■ **Task to complete**:
Reproduce exactly the first line of the material below and every line after it, ending with the line that contains "Handled stoneware coffee". No pictures should be copied.

■ **Exercise inputs**:

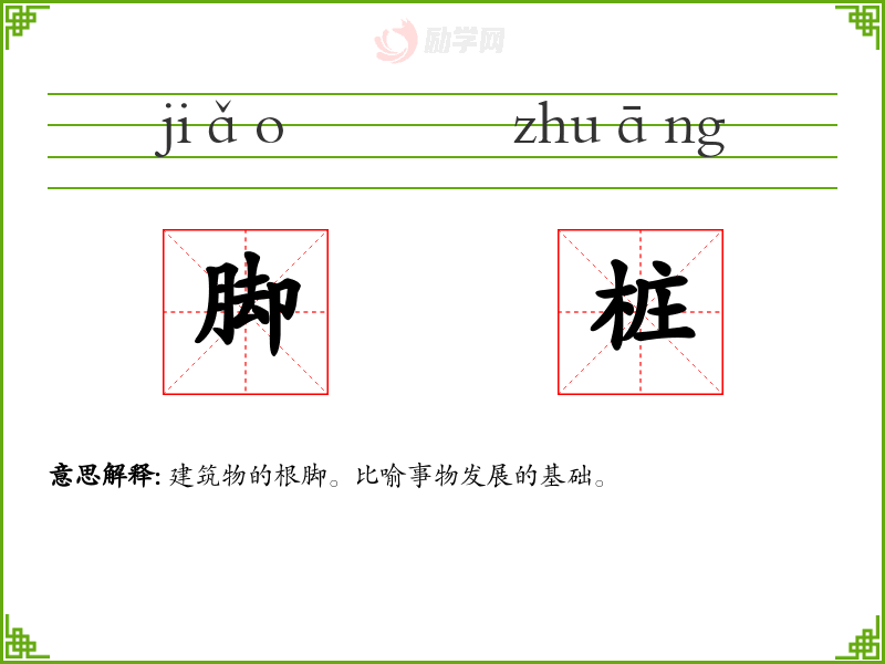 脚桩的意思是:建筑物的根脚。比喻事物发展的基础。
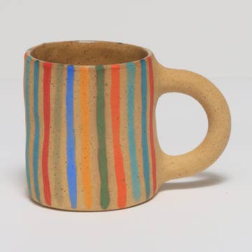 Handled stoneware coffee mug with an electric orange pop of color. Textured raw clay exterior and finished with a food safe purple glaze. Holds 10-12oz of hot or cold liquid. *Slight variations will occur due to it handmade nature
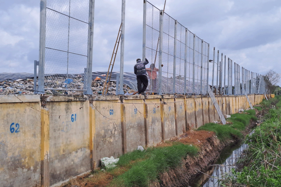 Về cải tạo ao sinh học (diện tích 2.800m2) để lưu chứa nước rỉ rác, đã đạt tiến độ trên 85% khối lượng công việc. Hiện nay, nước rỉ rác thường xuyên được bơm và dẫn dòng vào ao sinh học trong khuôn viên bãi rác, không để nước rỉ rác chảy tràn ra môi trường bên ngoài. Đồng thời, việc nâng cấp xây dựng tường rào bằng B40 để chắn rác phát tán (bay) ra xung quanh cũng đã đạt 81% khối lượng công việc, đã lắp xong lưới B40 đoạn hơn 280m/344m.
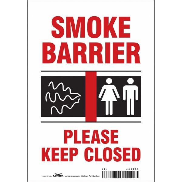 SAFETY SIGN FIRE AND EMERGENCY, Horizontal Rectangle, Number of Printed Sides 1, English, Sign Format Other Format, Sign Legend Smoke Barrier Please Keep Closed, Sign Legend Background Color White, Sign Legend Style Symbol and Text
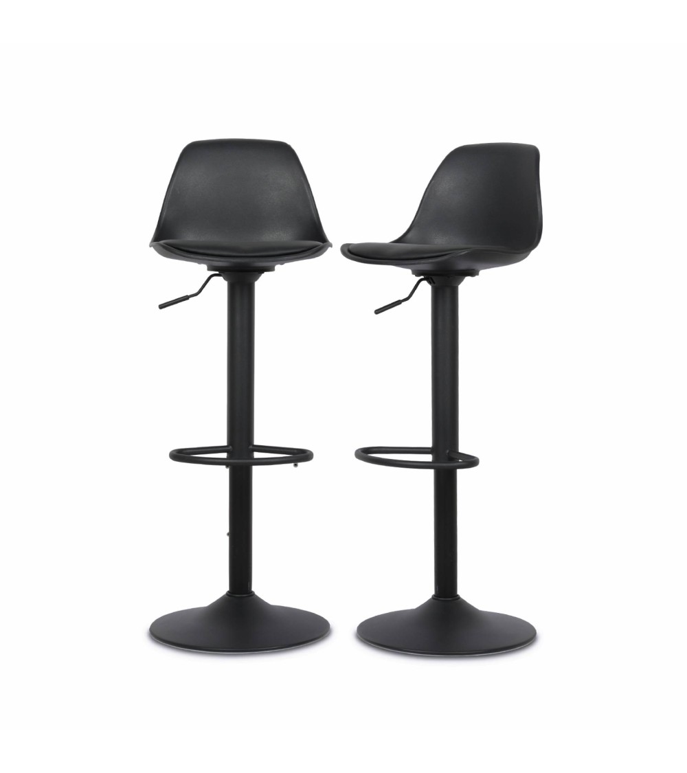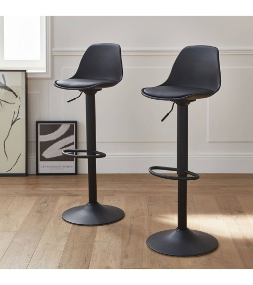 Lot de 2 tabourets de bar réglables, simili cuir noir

■ **Answer to the problem**:
 脚桩的意思是:建筑物的根脚。比喻事物发展的基础。
 Handled stoneware coffee mug with an electric orange pop of color. Textured raw clay exterior and finished with a food safe purple glaze. Holds 10-12oz of hot or cold liquid. *Slight variations will occur due to it handmade nature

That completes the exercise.